====== RECORDED DATA

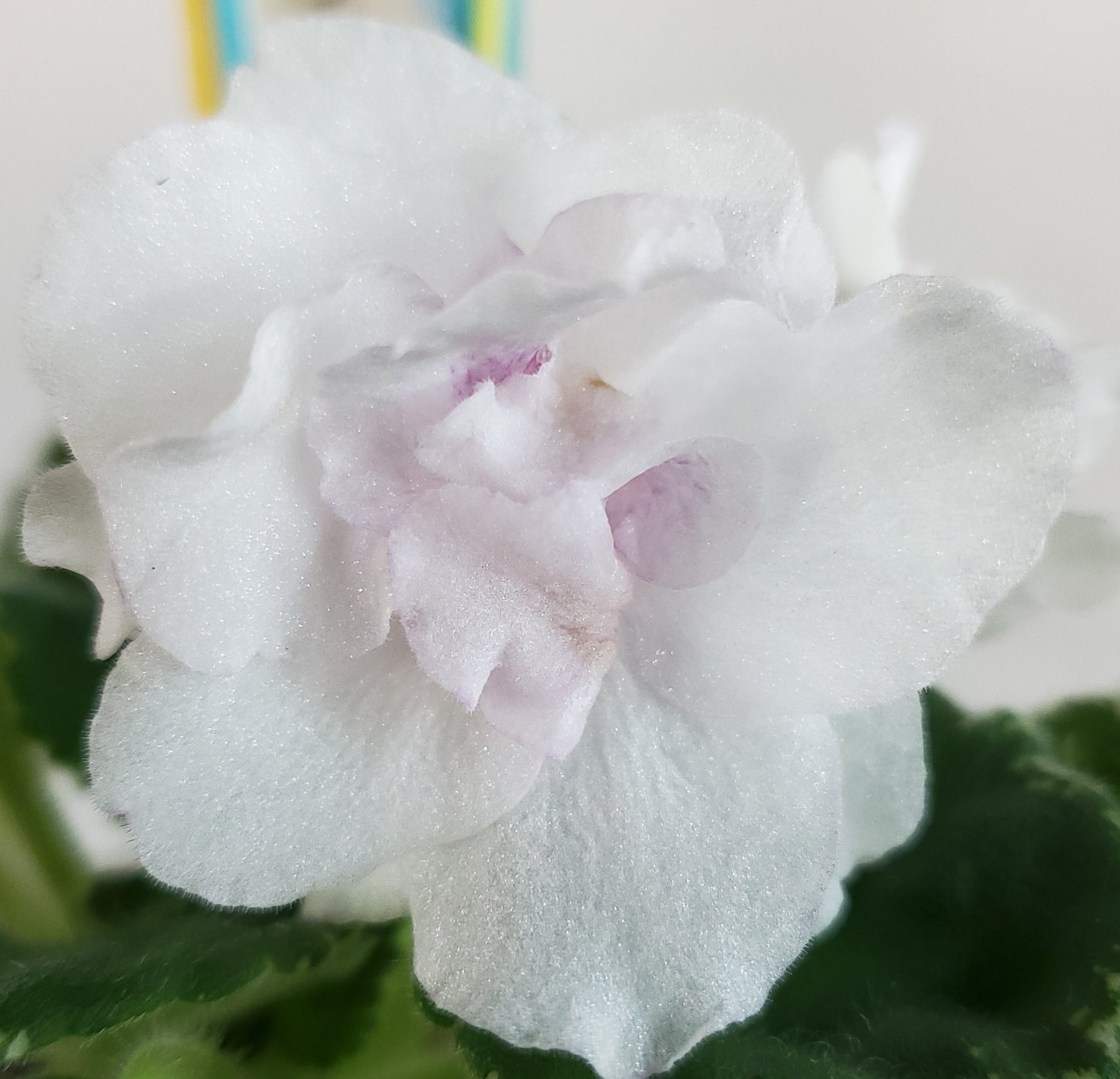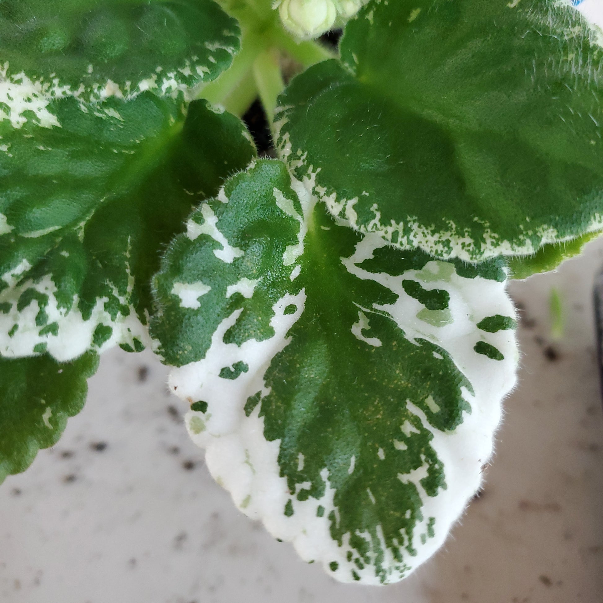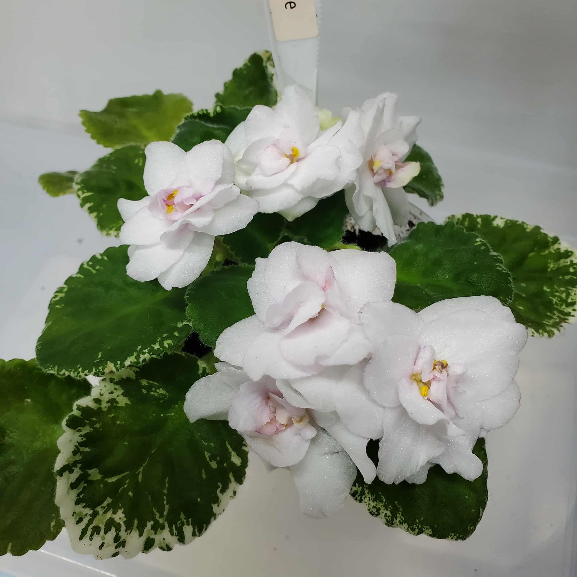 Cajun's Blush Me (B. Thibodeaux) Semidouble pale pink stars/raspberry eye. Variegated medium green and white, round, quilted, serrated. Standard
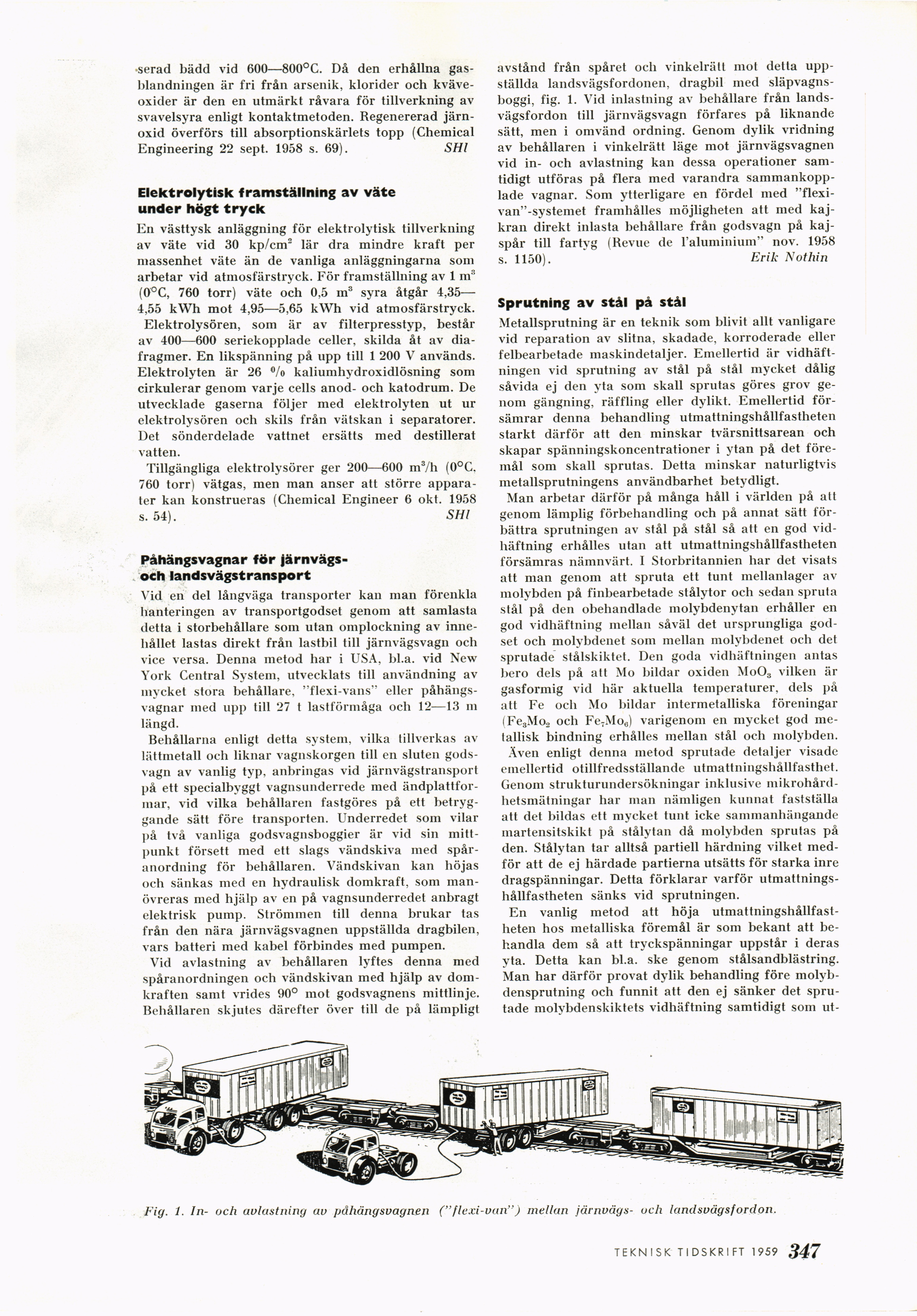 Full resolution (JPEG) - On this page / på denna sida - 1959, H. 14 - Nya metoder - Avsvavling av koksugnsgas i fluidiserad bädd, av SHl - Elektrolytisk framställning av väte under högt tryck, av SHl - Påhängsvagnar för järnvägs- och landsvägstransport, av Erik Nothin - Sprutning av stål på stål, av KJB
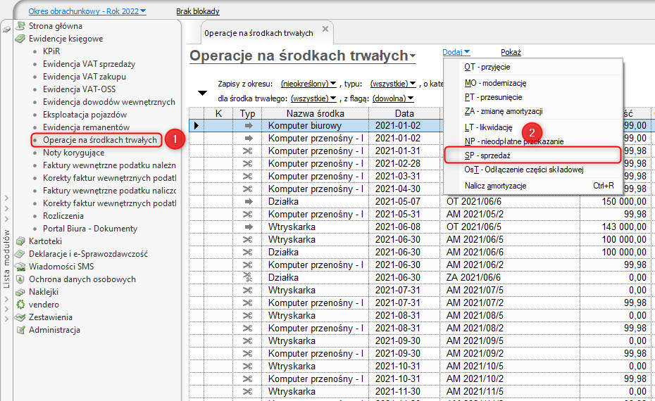 InsERT GT – Jak dodać amortyzację wraz ze sprzedażą środka trwałego na ostatni miesiąc okresu obrachunkowego?

============

▶ [TASK GOAL]: Your task is to restate word for word the lines from the line holding "Full resolution (JPEG)" through the final line of the listing, both included, but none of the pictures.

▶ [WRITTEN ANSWER]:
 Full resolution (JPEG) - On this page / på denna sida - 1959, H. 14 - Nya metoder - Avsvavling av koksugnsgas i fluidiserad bädd, av SHl - Elektrolytisk framställning av väte under högt tryck, av SHl - Påhängsvagnar för järnvägs- och landsvägstransport, av Erik Nothin - Sprutning av stål på stål, av KJB
 InsERT GT – Jak dodać amortyzację wraz ze sprzedażą środka trwałego na ostatni miesiąc okresu obrachunkowego?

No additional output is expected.